Re: Query related to shutting down NVMe during system suspend

From: nitirawa
Date: Mon Feb 07 2022 - 06:06:56 EST


On 2022-02-01 22:28, Vidya Sagar wrote:
Thanks for the super quick reply and I couldn't agree more.

On 2/1/2022 10:00 PM, Keith Busch wrote:
External email: Use caution opening links or attachments


On Tue, Feb 01, 2022 at 09:52:28PM +0530, Vidya Sagar wrote:
Hi Rafael & Christoph,
My query is regarding the comment and the code that follows after it at
https://git.kernel.org/pub/scm/linux/kernel/git/torvalds/linux.git/tree/drivers/nvme/host/pci.c?h=v5.17-rc2#n3243
What I understood from it is that, there is an underlying assumption
that the power to the devices is not removed during the suspend call.
In the case of device-tree based platforms like Tegra194, power is
indeed removed to the devices during suspend-resume process. Hence, the
NVMe devices need to be taken through the shutdown path irrespective of
whether the ASPM states are enabled or not.
I would like to hear from you the best method to follow to achieve this.

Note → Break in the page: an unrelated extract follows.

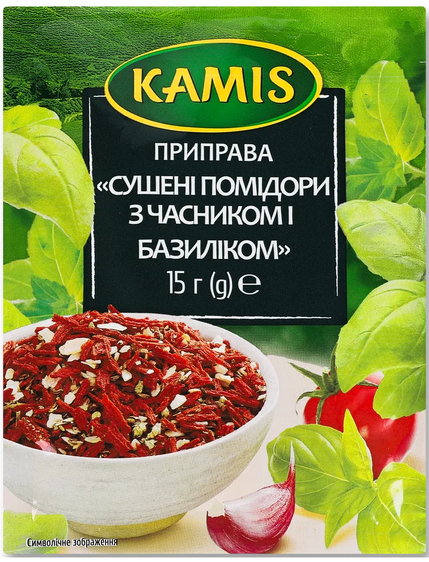 Мінімальна кількість для "Сушені помідори з часником та базиліком Kamis 15 г" є 5.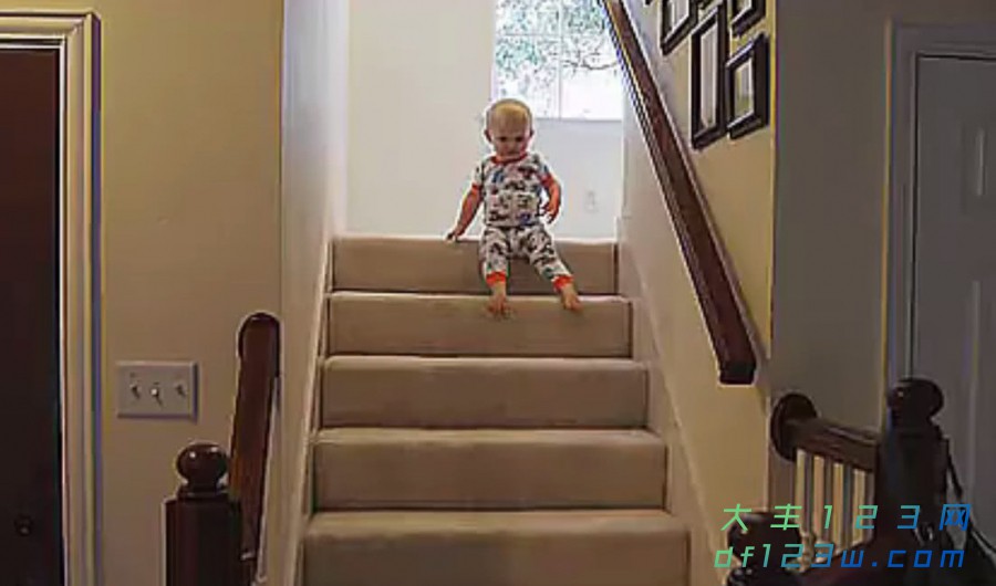 终于,宝宝成功的滑倒了最后一节台阶,成功的到了楼下的地面上,此时的爸爸看到宝宝到了这,还以为宝宝直接从楼上滚下来了,可是他看到宝宝浑身没有一点伤,后来查看录像发现宝宝是自己用自己的方式下的楼。

Since platform makers can't converge on how to let a driver know what
it's supposed to do, I suggest we default to the simple shutdown suspend
all the time. We can add a module parameter to let a user request nvme
power management if they really want it. No matter what we do here,
someone is going to complain, but at least simple shutdown is safe...


Hi Vidya,

Are you planning to add module parameter based on above discussion. I see similar behaviour even with qualcomm platform.

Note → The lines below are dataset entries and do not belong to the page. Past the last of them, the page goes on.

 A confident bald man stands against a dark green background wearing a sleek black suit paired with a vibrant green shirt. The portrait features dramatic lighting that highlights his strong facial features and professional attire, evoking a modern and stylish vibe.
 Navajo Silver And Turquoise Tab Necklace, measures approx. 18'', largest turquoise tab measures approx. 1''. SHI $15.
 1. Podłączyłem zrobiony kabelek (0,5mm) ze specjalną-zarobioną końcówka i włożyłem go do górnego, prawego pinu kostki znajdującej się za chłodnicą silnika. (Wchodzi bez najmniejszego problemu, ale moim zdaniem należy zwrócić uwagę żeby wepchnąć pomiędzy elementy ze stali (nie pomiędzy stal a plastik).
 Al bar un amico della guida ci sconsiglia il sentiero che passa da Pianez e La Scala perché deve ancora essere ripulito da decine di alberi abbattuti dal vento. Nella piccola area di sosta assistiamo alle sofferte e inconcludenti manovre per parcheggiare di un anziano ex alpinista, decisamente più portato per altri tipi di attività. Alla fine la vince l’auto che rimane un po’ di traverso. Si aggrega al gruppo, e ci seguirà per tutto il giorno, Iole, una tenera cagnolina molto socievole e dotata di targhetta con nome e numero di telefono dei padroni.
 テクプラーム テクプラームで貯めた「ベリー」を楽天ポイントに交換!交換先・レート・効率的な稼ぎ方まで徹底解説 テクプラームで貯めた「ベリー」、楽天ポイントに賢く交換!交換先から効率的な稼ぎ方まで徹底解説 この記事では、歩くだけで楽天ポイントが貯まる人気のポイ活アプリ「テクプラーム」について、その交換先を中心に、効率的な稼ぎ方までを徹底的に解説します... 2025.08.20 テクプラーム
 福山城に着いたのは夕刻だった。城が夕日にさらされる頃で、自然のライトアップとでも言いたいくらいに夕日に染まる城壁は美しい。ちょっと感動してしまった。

[ 119.994092] nvme nvme0: I/O 9 QID 0 timeout, reset controller
[ 120.006612] PM: dpm_run_callback(): pci_pm_resume+0x0/0xe4 returns -16
[ 120.013502] nvme 0001:01:00.0: PM: pci_pm_resume+0x0/0xe4 returned -16 after 60059958 usecs
[ 120.022239] nvme 0001:01:00.0: PM: failed to resume async: error -16

Regards,
Nitin